The Guardian

Indian state pays the price of early success

- Hannah Ellis-Petersen Delhi

As Covid-19 swept through India last year, there was one state that was always seen as standing out in its handling of the pandemic.

The “Kerala model” became a byword for success in containing the virus, named after a series of measures introduced early on by the south Indian state, including rigorous, focused testing, containmen­t, community support and contact tracing.

Yet as nationwide India’s Covid cases have fallen to record lows following the devastatin­g second wave in April, Kerala’s cases have consistent­ly remained high since mid-May. Last week, Kerala accounted for almost 70% of India’s new cases and the state’s positivity rate continues to hover around 17%. While there are signs that cases in Kerala are finally tailing off, questions have remained over why the state has remained a hub of the virus. Its persistenc­e has been partly attributed to the low seropreval­ence – lack of those with antibodies – thanks to earlier successes in preventing a spread of the virus.
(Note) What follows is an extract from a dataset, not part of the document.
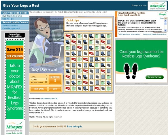 While the game is addictive and held my attention for a few minutes, I completely ignored all the surrounding Mirapex promotional advertising and almost did not notice the option to take the quiz to see if I had RLS. [Sample question: I often find myself tired and dragging during the day. Please answer “Yes” or “No”. It turns out that this is a trick question: “being tired and dragging” may be symptoms of old age or dissatisfaction with your routine office chores, but they apparently are NOT symptoms of RLS!]
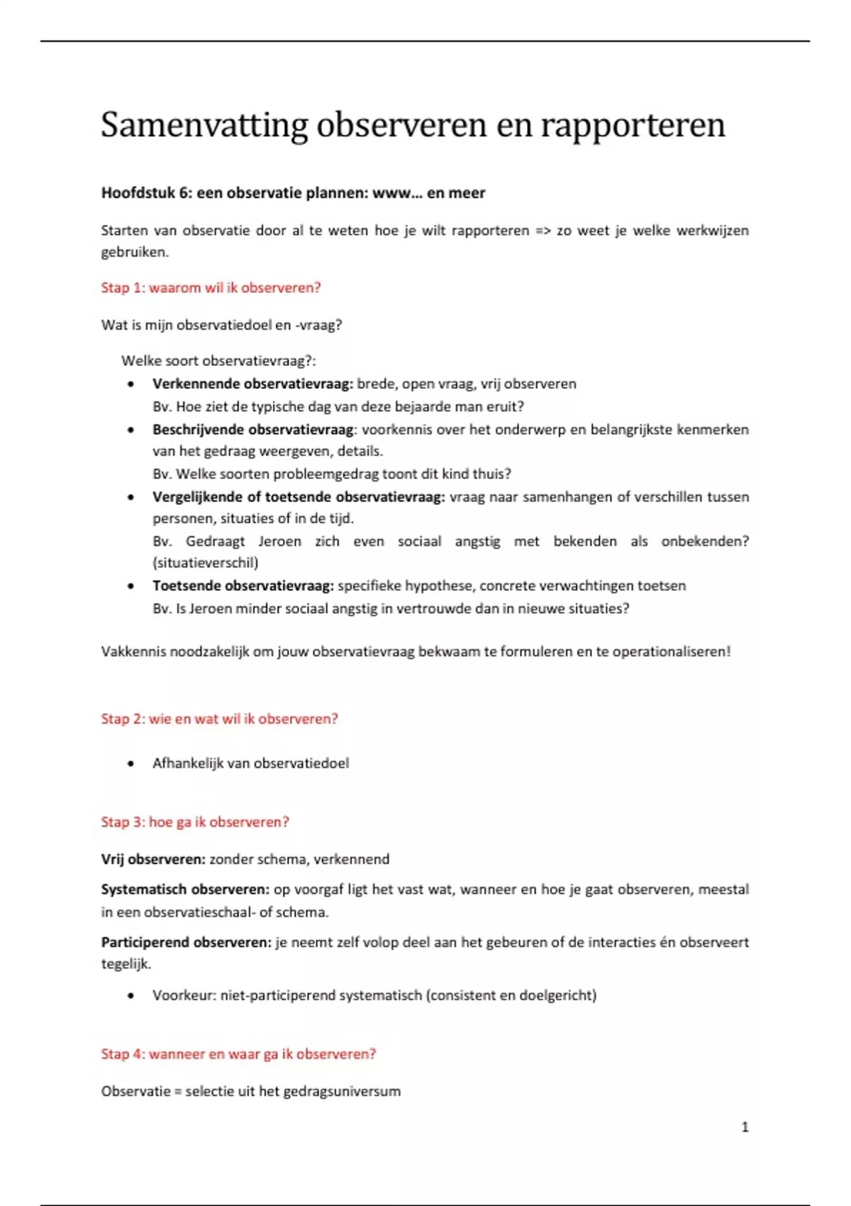 Starten van observatie door al te weten hoe je wilt rapporteren => zo weet je welke werkwijzen

A seropreval­ence survey carried out in March found that Kerala only had seropreval­ence of around 11%, compared with more than 20% nationally. By the end of July, Kerala still had the lowest seropreval­ence figures in India with 44% of the population showing antibodies, meaning more than 50% remained vulnerable.

Dr Rajeev Jayadevan, a vicechairm­an of the Kerala State Indian Medical Associatio­n, said that Kerala’s trajectory of Covid had always differed from the rest of the country. “I would describe the situation here as a slow burn, rather than an inferno,” he said

He said it was inaccurate to characteri­se this as a failure of the Kerala model. Instead, he pointed to Kerala’s high population density as well as humid weather conditions and fatigue among health workers as other reasons.

Even with cases remaining high, the state has not faced the shortage of oxygen or ICU facilities of other states. “Our fatality rate shows our model is on the right track,” the Kerala health minister Veena George told Reuters last month.